Но вот ребятишки одеты, умыты, причесаны. Завтракают. И пока они едят кашу, пьют чай с бутербродами, восседая все за тем же круглым кухонным столом, Людочка успевает и себя привести в полную служебную готовность. Да и то сказать, что сменить халатик на юбку и "водолазку", тапочки — на туфли-микропорки, встрепать пальцами мальчишескую прическу не составляет особого труда и отнимает у нее всего каких-нибудь несколько минут.

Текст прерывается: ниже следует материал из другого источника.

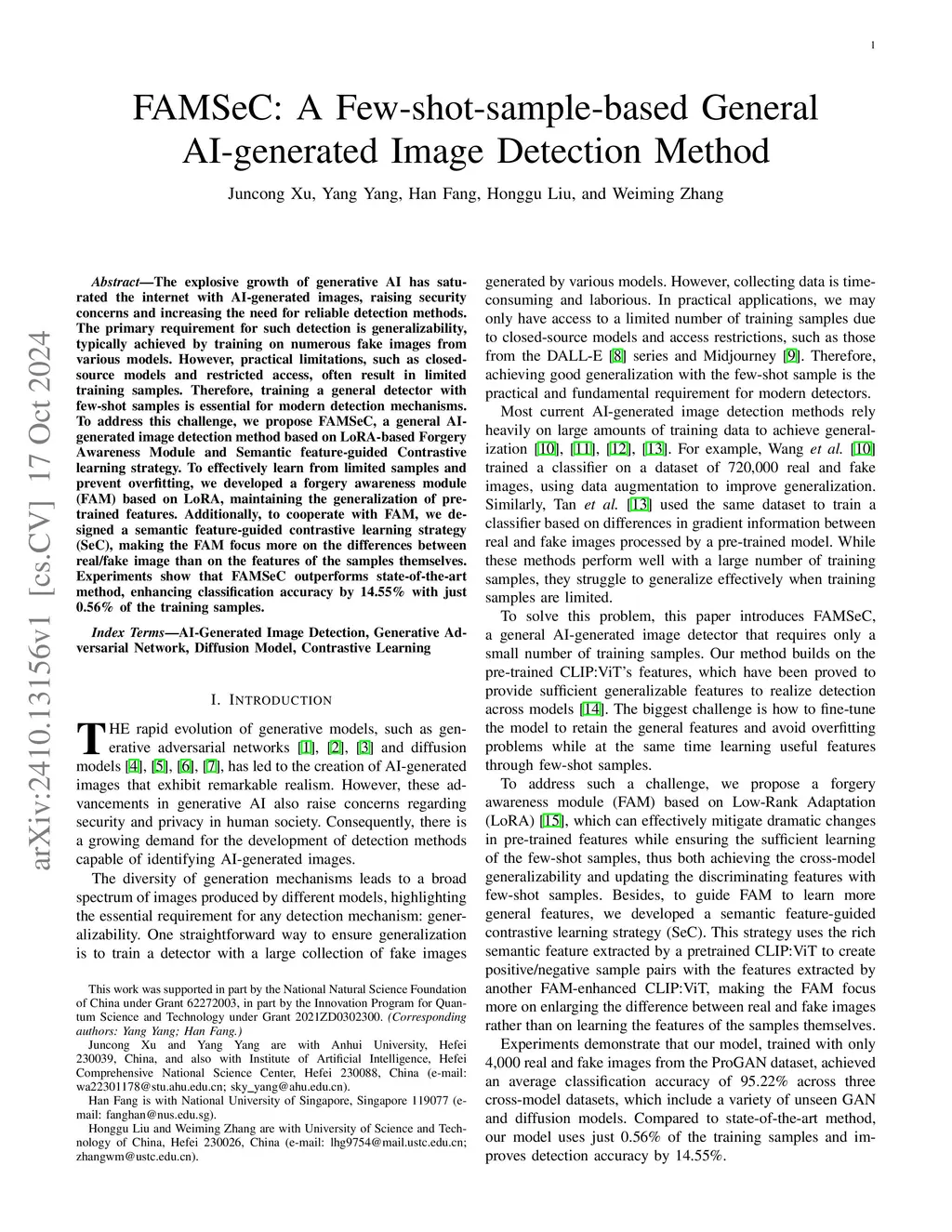 The explosive growth of generative AI has saturated the internet with AI-generated images, raising security concerns and increasing the need for reliable detection methods. The primary requirement for such detection is generalizability, typically achieved by training on numerous fake images from various models. However, practical limitations, such as closed-source models and restricted access, often result in limited training samples. Therefore, training a general detector with few-shot samples is essential for modern detection mechanisms. To address this challenge, we propose FAMSeC, a general AI-generated image detection method based on LoRA-based Forgery Awareness Module and Semantic feature-guided Contrastive learning strategy. To effectively learn from limited samples and prevent overfitting, we developed a Forgery Awareness Module (FAM) based on LoRA, maintaining the generalization of pre-trained features. Additionally, to cooperate with FAM, we designed a Semantic feature-guided Contrastive learning strategy (SeC), making the FAM focus more on the differences between real/fake image than on the features of the samples themselves. Experiments show that FAMSeC outperforms state-of-the-art method, enhancing classification accuracy by 14.55% with just 0.56% of the training samples.

И вот она уже вновь в обществе детей, намазывает хлеб маслом (она любит бутерброды и готова есть их круглый день).

— Не смей ковырять вилкой в колбасе (Коленьке).

— Придешь из школы, сваришь себе пельмени. Они в испарителе. Не забудь посолить воду (Поленьке). Тебе пора. — И придирчиво, заботливо и настороженно оглядывает девочку. Но нет, дочкин костюм в полном порядке: кружевной воротничок, широкие черные крылья форменного фартука, алый пионерский галстук, лента в туго сплетенной косе…

Спустя четверть часа после того, как девочка с портфелем в руке захлопнет за собою входную дверь. Людочка за руку с Колей тоже покидают жилище. На пороге детского сада они расстаются. Кончается утро. У всех начинается трудовой день. Вася, в белом докторском халате, будет сосредоточенно и вдохновенно топтаться возле кульмана, решая не очень-то легкую задачу по созданию автоматической подвижной каретки для нового универсального координатно-расточного станка, а пошабашив, мгновенно забыв обо всем на свете, сломи голову, меняя по пути трамвай на троллейбус, троллейбус на метро, мчаться в Лужники на хоккейный матч между милым сердцу его "Спартаком" и армейцами Ленинграда. Поленька до двух часов будет прилежно изучать грамматику, алгебру, географию, физкультуру и пение по программе пятого класса средней школы, потом придет домой, снимет с шеи ключик, отопрет дверь, сварит пельмени, съест их, погуляет во дворе (у них большой двор, где можно поиграть в скакалочки, в клеточки, покачаться на качелях, покрутиться вокруг тумбы на карусели) и примется за домашние задания по русскому, математике и истории, а тут как раз подоспеет время идти в садик за Коленькой, так как брать его оттуда больше некому, папа занят по своим делам, а мама — по своим. У Коленьки день тоже трудовой, как у папы и у сестренки. В детском садике, словно в какой-нибудь конторе или в санатории, все рассчитано по часам, отдохнуть некогда. То на прогулку собирайся, то за стол, то в кровать, то на горшок, то на пение, успевай лишь поворачиваться. Иной раз только оглянулся, а уж и вечер наступил, и сестра возле гардероба с твоим пальтецом в руках дожидается тебя.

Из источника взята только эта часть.